_Exercise goal:_
For the records below, output word for word the lines from the one with "The Coons House" up to and including the one with "Une dernière connexion". No pictures.

======== Recorded information

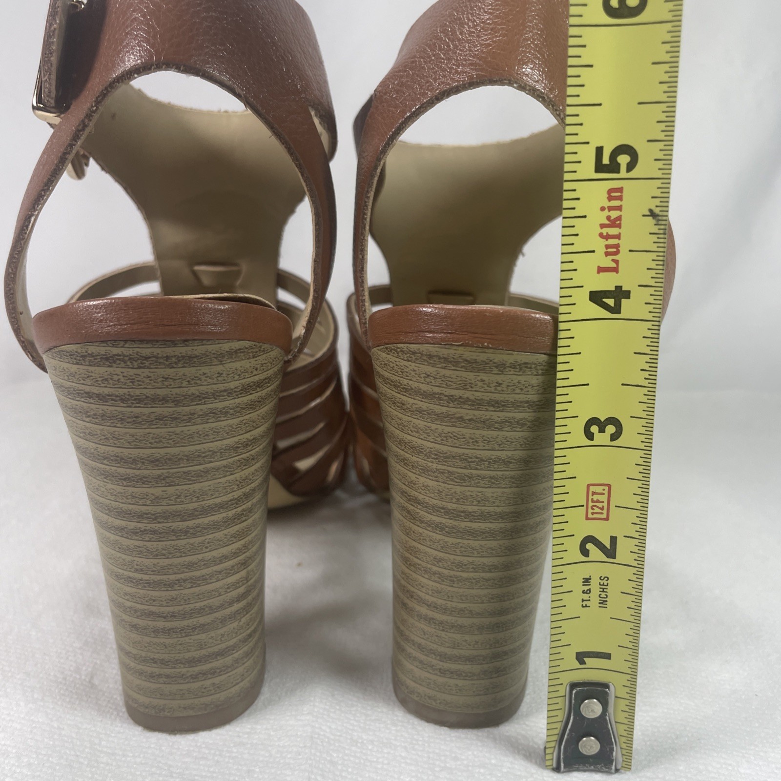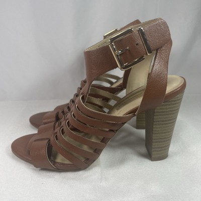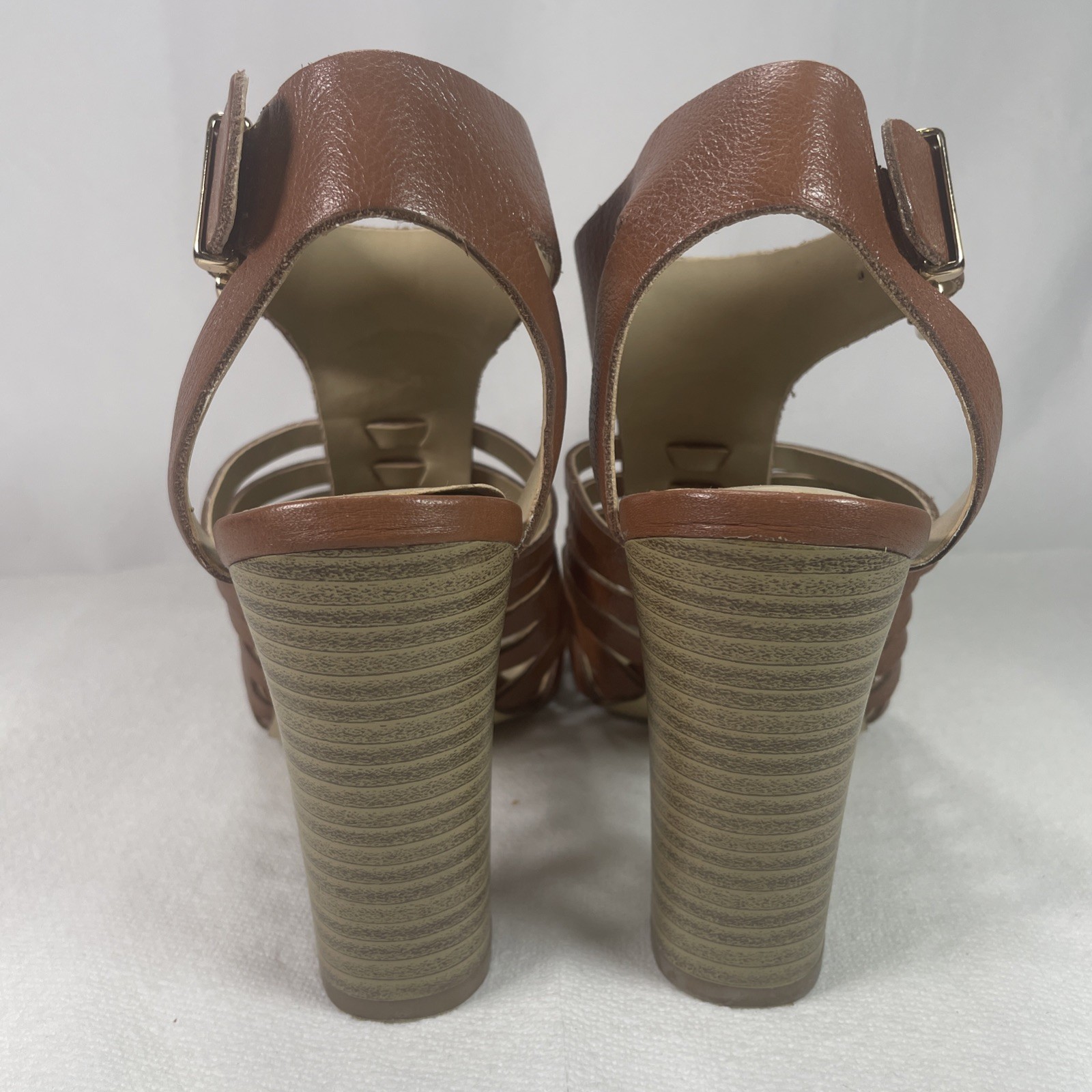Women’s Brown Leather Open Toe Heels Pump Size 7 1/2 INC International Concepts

================
======== Recorded information

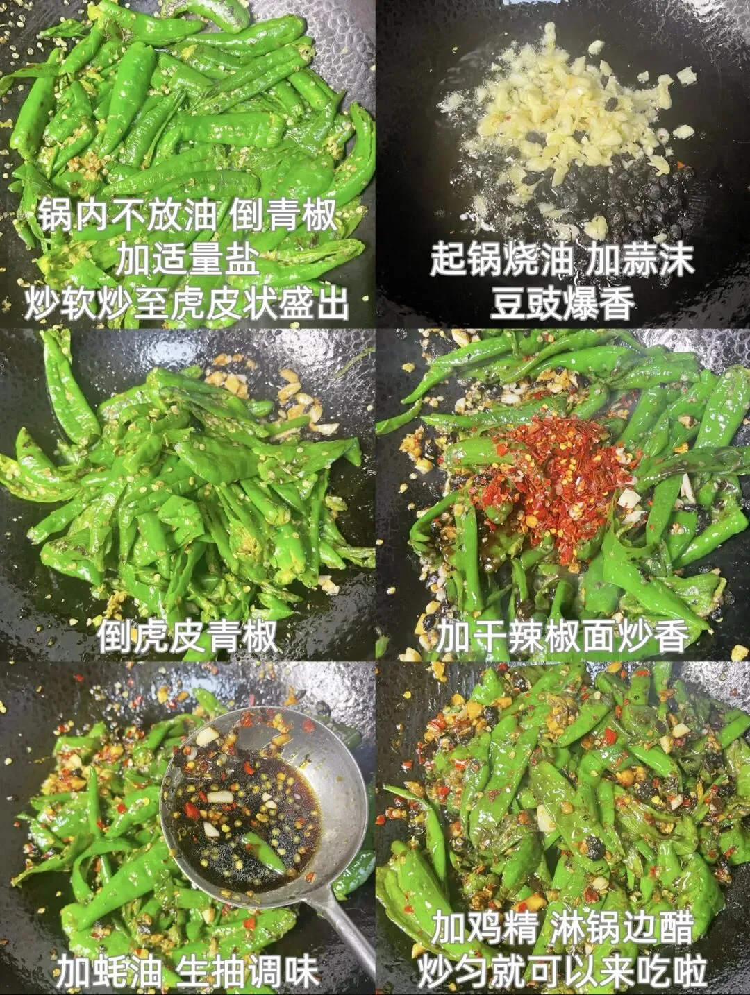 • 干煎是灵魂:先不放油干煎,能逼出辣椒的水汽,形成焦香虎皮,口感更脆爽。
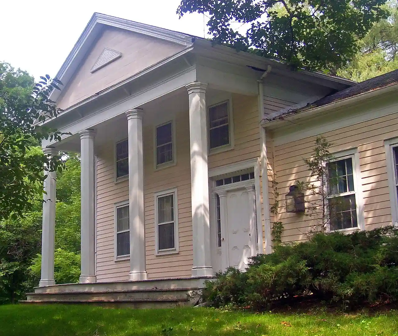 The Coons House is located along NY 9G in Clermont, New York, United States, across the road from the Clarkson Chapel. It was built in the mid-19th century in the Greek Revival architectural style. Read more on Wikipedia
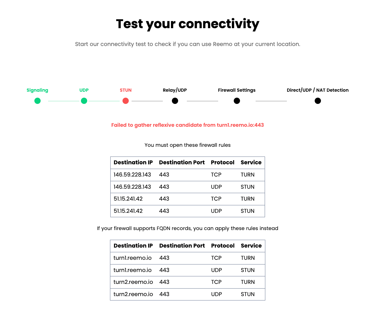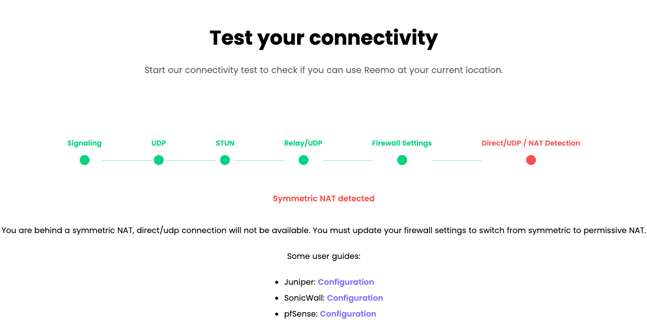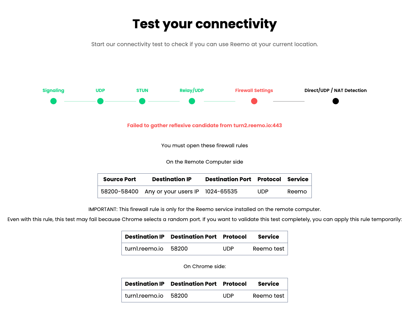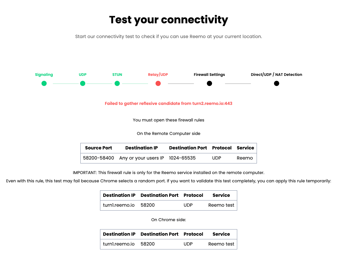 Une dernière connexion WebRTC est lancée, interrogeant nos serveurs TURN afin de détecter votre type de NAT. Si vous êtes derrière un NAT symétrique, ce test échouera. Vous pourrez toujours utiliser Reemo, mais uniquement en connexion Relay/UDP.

================

_Exercise result:_
 The Coons House is located along NY 9G in Clermont, New York, United States, across the road from the Clarkson Chapel. It was built in the mid-19th century in the Greek Revival architectural style. Read more on Wikipedia
 Une dernière connexion WebRTC est lancée, interrogeant nos serveurs TURN afin de détecter votre type de NAT. Si vous êtes derrière un NAT symétrique, ce test échouera. Vous pourrez toujours utiliser Reemo, mais uniquement en connexion Relay/UDP.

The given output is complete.